→ Task statement:
Within the lines below, the span from the line with "WWII Draft Card" to the line with "Edit Scheme 메뉴에서", both ends included, is to be reproduced exactly, with pictures omitted.

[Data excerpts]
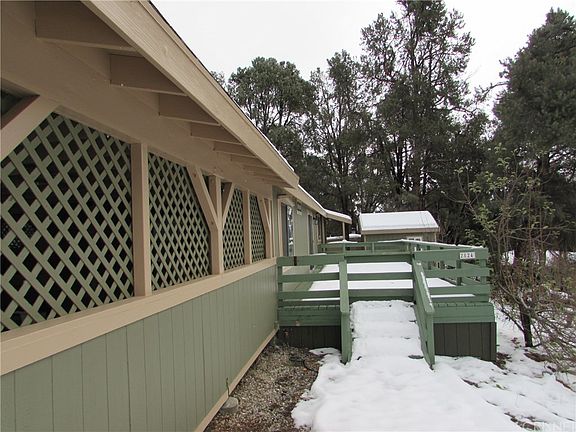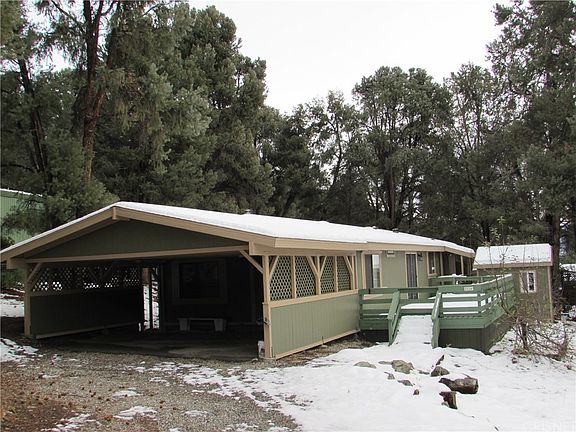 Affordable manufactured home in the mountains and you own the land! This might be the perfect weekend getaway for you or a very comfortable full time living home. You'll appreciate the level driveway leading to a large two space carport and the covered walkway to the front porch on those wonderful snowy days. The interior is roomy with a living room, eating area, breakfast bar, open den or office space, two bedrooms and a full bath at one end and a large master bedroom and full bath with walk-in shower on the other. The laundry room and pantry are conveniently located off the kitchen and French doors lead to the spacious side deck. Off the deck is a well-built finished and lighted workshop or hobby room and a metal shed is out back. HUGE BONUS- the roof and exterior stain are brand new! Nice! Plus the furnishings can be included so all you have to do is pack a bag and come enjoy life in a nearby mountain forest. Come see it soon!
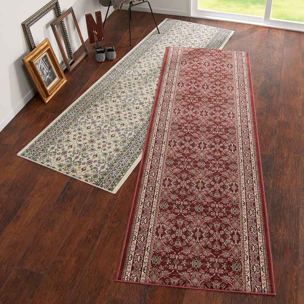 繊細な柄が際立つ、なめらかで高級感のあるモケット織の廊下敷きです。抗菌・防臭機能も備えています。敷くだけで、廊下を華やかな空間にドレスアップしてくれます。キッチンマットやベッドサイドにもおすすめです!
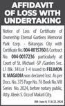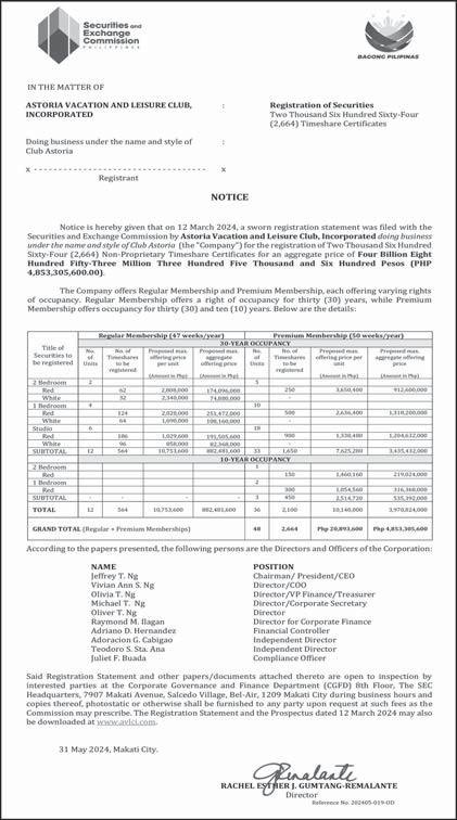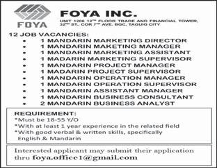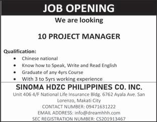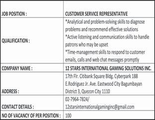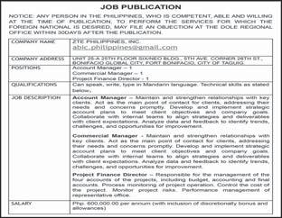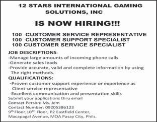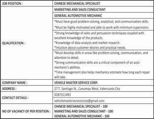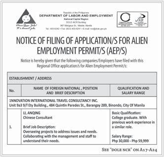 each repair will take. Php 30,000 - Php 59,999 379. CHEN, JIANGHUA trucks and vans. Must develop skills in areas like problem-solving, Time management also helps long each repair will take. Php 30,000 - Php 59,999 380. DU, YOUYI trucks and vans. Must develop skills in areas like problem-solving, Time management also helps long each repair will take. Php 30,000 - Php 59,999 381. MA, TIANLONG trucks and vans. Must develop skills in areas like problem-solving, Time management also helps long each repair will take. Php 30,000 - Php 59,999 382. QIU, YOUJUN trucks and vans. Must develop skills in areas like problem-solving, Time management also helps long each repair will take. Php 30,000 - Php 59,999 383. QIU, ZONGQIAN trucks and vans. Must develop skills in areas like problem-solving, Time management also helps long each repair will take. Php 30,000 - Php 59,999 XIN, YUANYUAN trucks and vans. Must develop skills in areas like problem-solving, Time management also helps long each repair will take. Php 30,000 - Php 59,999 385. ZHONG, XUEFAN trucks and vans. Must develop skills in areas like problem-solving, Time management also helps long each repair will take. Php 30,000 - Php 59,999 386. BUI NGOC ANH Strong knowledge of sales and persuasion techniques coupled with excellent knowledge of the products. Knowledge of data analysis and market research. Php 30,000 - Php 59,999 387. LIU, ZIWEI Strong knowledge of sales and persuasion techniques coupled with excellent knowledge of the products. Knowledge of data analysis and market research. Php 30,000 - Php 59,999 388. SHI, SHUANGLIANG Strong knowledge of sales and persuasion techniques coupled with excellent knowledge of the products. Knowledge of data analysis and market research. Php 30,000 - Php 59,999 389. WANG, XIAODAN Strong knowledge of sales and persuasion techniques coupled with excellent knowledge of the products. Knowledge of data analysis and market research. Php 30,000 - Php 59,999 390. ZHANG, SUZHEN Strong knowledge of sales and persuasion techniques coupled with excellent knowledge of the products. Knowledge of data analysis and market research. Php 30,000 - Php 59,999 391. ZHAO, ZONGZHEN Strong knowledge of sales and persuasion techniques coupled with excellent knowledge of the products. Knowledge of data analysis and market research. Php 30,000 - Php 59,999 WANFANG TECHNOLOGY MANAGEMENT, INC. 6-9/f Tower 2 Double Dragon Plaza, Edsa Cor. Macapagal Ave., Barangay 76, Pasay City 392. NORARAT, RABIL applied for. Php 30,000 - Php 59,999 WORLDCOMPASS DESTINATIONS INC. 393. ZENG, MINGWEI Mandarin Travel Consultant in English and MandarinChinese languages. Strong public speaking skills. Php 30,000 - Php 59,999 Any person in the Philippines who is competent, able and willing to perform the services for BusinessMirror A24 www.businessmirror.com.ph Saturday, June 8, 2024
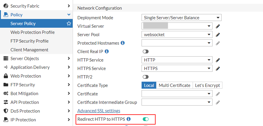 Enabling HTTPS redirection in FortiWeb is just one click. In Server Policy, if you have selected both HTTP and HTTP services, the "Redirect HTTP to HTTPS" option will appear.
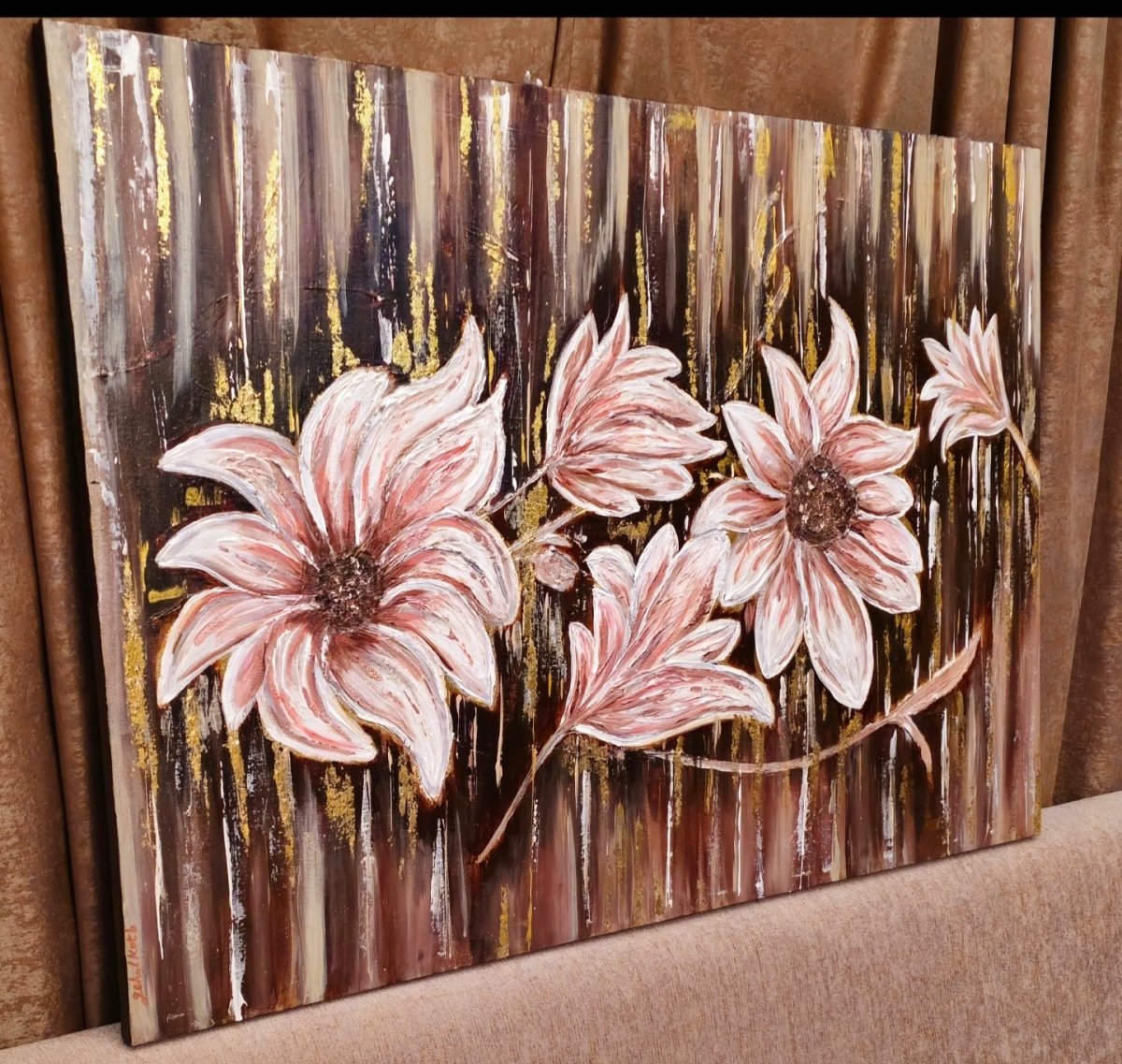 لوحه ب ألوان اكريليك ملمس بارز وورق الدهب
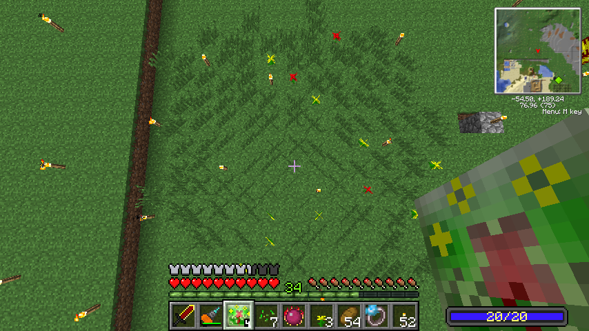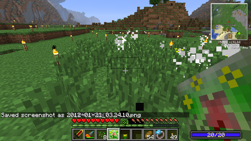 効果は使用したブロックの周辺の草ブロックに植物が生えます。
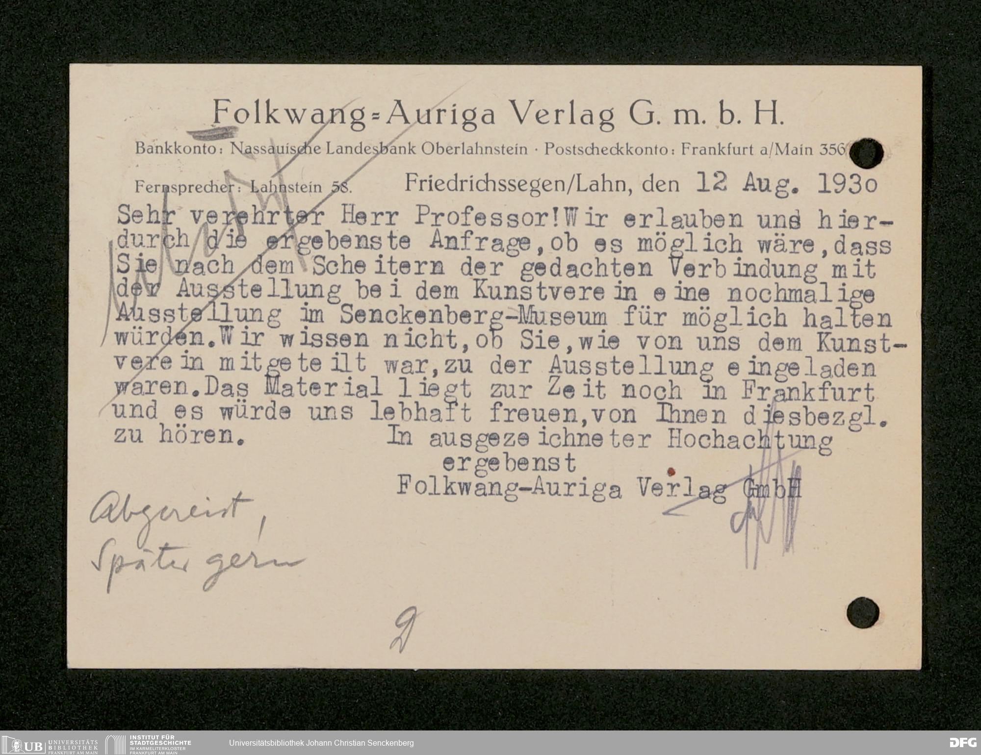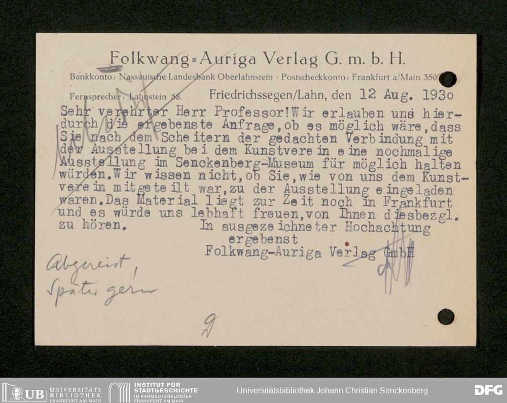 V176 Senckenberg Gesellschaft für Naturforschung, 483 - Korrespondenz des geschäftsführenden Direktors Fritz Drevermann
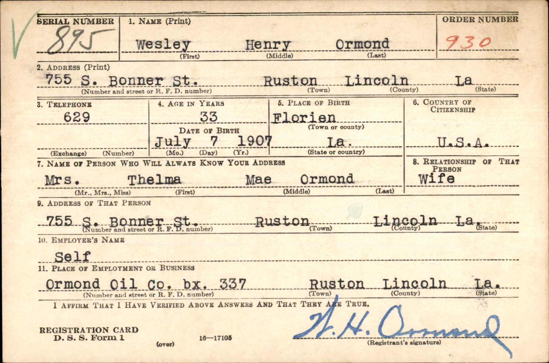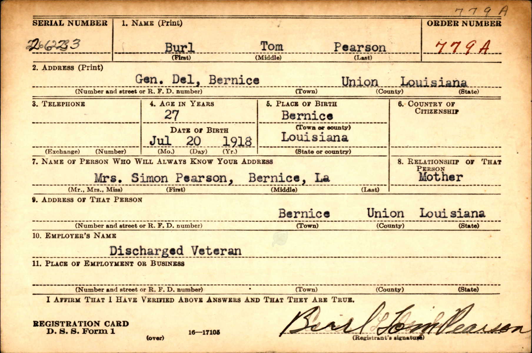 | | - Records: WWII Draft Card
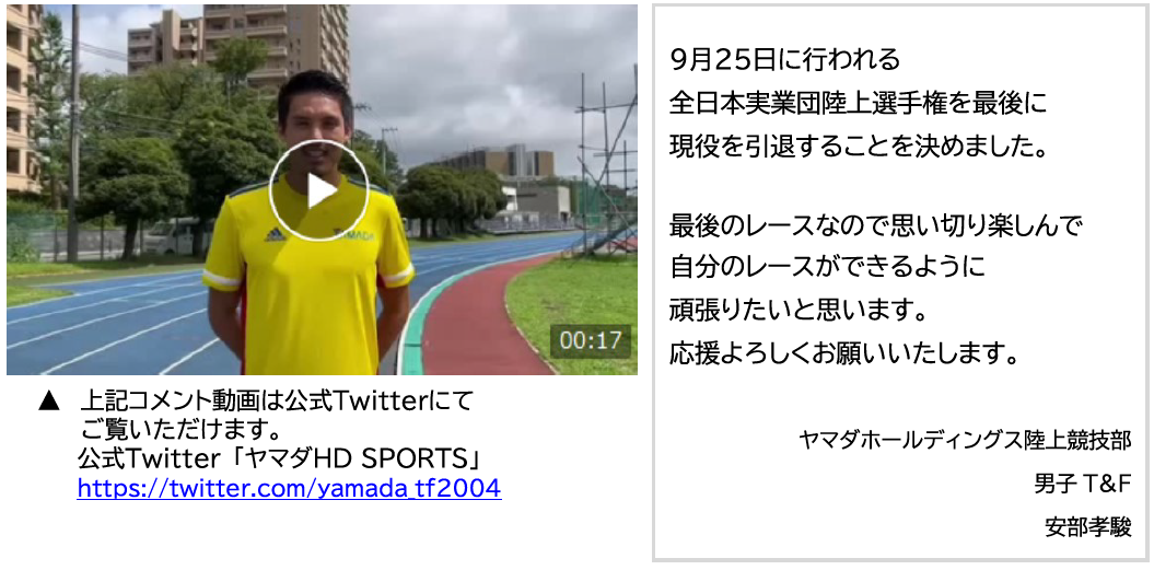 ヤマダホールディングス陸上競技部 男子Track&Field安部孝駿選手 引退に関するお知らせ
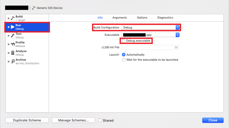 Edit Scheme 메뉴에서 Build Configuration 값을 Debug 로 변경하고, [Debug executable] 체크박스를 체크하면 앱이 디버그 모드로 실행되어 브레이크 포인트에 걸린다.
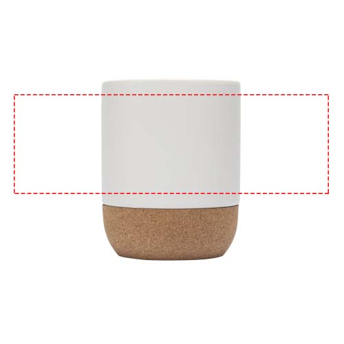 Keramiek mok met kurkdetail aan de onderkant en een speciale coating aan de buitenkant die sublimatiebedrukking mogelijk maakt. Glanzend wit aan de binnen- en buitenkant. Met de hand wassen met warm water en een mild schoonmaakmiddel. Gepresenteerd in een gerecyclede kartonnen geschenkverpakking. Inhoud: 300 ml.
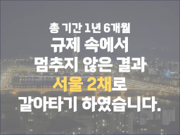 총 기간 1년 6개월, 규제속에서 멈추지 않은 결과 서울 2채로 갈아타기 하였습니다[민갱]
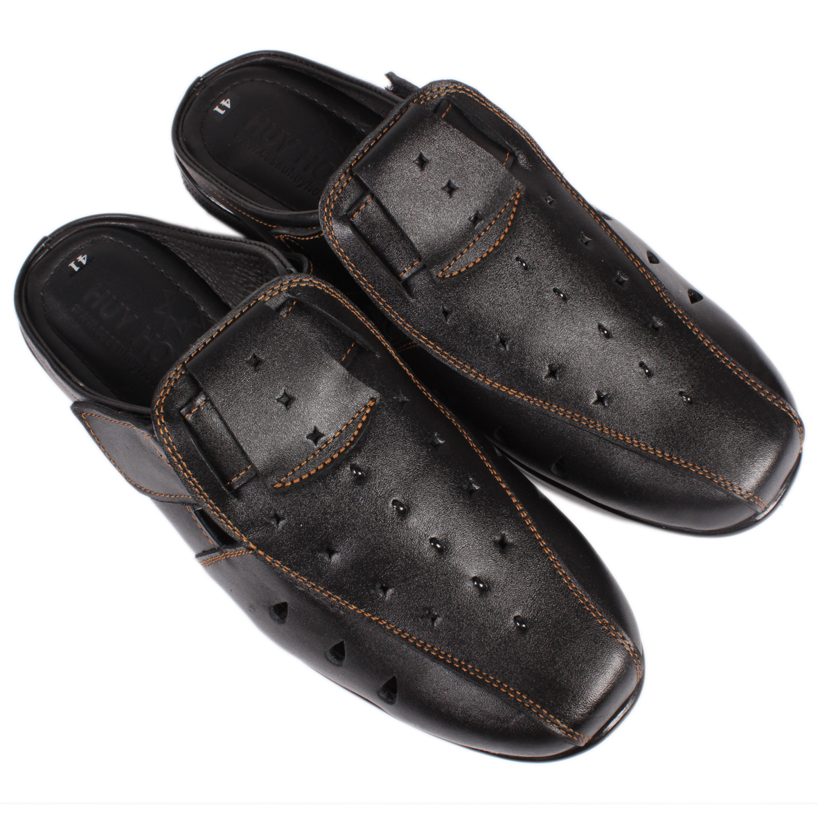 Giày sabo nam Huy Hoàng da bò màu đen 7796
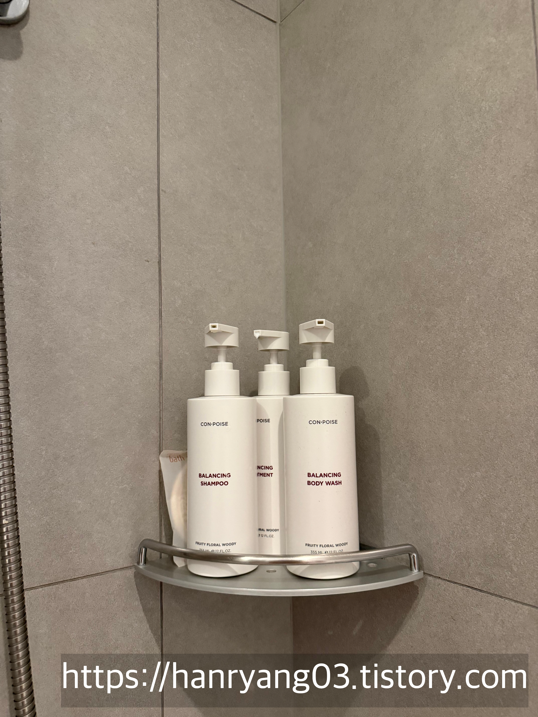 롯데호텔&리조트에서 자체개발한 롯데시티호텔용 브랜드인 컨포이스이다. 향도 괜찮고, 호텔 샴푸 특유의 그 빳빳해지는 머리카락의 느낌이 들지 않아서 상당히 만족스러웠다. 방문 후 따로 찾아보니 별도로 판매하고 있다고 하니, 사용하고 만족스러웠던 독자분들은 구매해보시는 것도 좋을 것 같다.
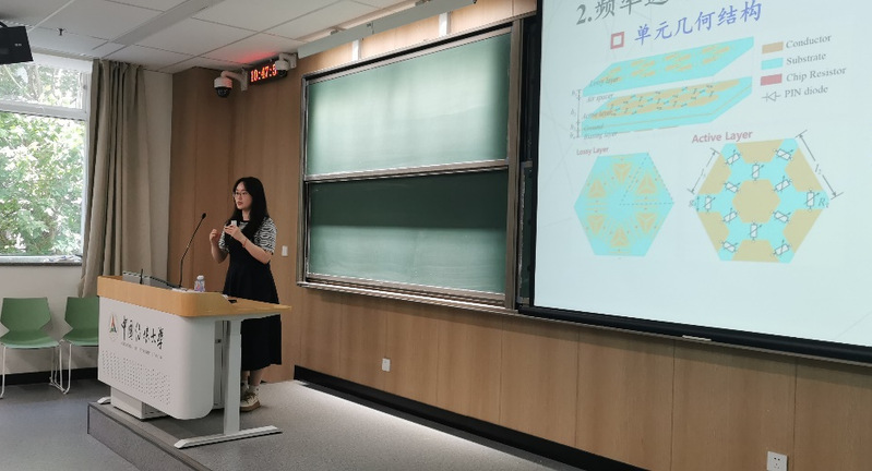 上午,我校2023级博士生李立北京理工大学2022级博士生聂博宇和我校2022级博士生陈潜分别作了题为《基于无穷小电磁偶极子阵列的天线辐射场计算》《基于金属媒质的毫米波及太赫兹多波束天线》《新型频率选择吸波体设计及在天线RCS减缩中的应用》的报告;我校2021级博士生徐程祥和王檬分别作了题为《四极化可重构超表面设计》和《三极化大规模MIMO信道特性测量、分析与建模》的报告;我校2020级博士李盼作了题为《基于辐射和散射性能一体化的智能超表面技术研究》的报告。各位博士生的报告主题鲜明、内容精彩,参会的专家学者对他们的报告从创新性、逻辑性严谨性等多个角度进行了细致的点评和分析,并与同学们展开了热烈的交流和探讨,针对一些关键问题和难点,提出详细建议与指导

→ Output of the exercise:
 | | - Records: WWII Draft Card
 ヤマダホールディングス陸上競技部 男子Track&Field安部孝駿選手 引退に関するお知らせ
 Edit Scheme 메뉴에서 Build Configuration 값을 Debug 로 변경하고, [Debug executable] 체크박스를 체크하면 앱이 디버그 모드로 실행되어 브레이크 포인트에 걸린다.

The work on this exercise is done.